Nobel Prize in Chemistry: Big Mikrobenkino

How do salmonella body cells inject poison? Thanks to the frosty Kryomikroskopie you can see that. and thus smallest structures of life. That deserves the Nobel Prize.

Nobel Prize in Chemistry: Big Mikrobenkino
Content
  • Page 1 — Big Mikrobenkino
  • Page 2 — what holds molecules toger in innermost
  • Read on a page

    This technique is literally cool – cryo level. With Kryoelektronenmikroskopen, researchers capture atomic details of life – cells, viruses and molecules of individual proteins. Such filigree structures cannot be easily identified under an electron microscope. The radiation y were exposed to would destroy m. But well cooled – shock frosted so to speak – sensitive ramifications are protected and become visible.

    Without Jacques Dubochet, Joachim Frank and Richard Henderson, this would not have been possible. This is exactly why three researchers are receiving Nobel Prize in chemistry this year.

    "A revolutionary technique" is Kryoelektronenmikroskopie, says Thomas Marlovits. He leads Institute of Structural and System biology at university Eppendorf in Hamburg and works himself with such microscopes. The fact that re was now a Nobel Prize for this is particularly pleasing to him. "In Stockholm at press conference, Nobel jury even showed our images of needle complexes of salmonella attacking cells," says Marlovits. He's investigating pathogens. Only since re are such microscopes can his working group see what y do at molecular level exactly.

    © Moritz Küstner Dagny Lüdemann Head of department group knowledge and digital at time online to author page

    The foundations for this are from fresh Nobel laureates. The German-American biophysicist Joachim Frank first created three-dimensional recordings under an electron microscope. Between 1975 and 1986, with a specially sophisticated image processing method, he added up to n common 2-D shots to new images. In 1980s, his colleague, Swiss Jacques Dubochet, developed a method that made it possible to freeze samples from living material without destroying m. The Scottish biologist Richard Henderson finally created 1990 first 3-D image of a single protein.

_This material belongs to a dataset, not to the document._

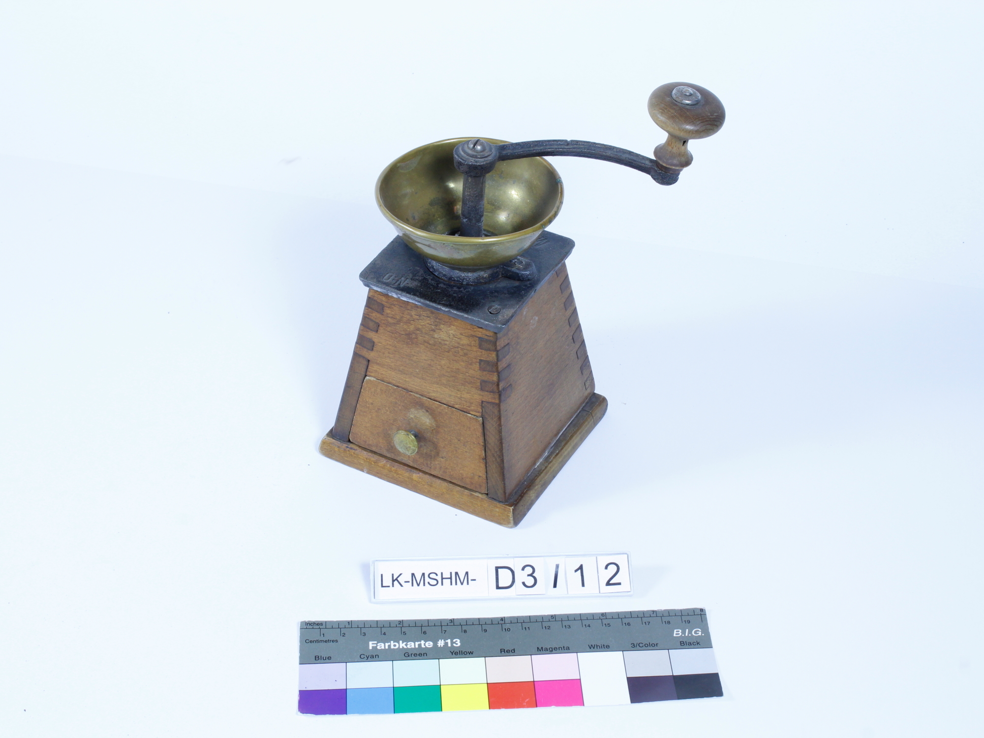 Kaffeemühle aus Holz mit Lade. Einfülltrichter aus Messing.

    Gently shoot with electrons

    But how exactly does Kryomikroskopie, which has become a common practice since its last major development in year 2013? At minus 180 degrees Celsius or less, objects you want to observe are cooled down extremely quickly. "We can look at different states of a molecule – and do not need dyes anymore", explains Marlovits. When researchers used to determine structures of molecules of a salmonella or a piece of DNA, y first had to crystallize it. Because only n was it stable and literally hardened against aggressive rays.

    The final technical hurdle was overcome in 2013, when a new type of electron detector came into use. Pic.twitter.com/Ue9c0R6v7y

    — The Nobel Prize (@NobelPrize) October 4, 2017

    A complicated procedure in which you had to treat a lot of molecules with all kinds of salts and solutions, until desired crystals formed due to some of m – by chance. This could n be irradiated with X-rays and a picture calculated from data. The preserved images show molecules only in a certain state. A little bit as if you wanted to understand tactics in a football game and would only have a pile of snapshots. On each of same picture: How a foot hits a ball.

    In blast of microscopy, however, different moments can be frozen. To stay in picture, you would see a running striker, a goalkeeper or a blocking defensive player after ball. Back in molecular biology, this means: If you look at DNA or or molecules using this method, you will find snapshots of how, for example, a section of genetic is being copied, anor snapshot of how proteins Cut out a little bit and so on.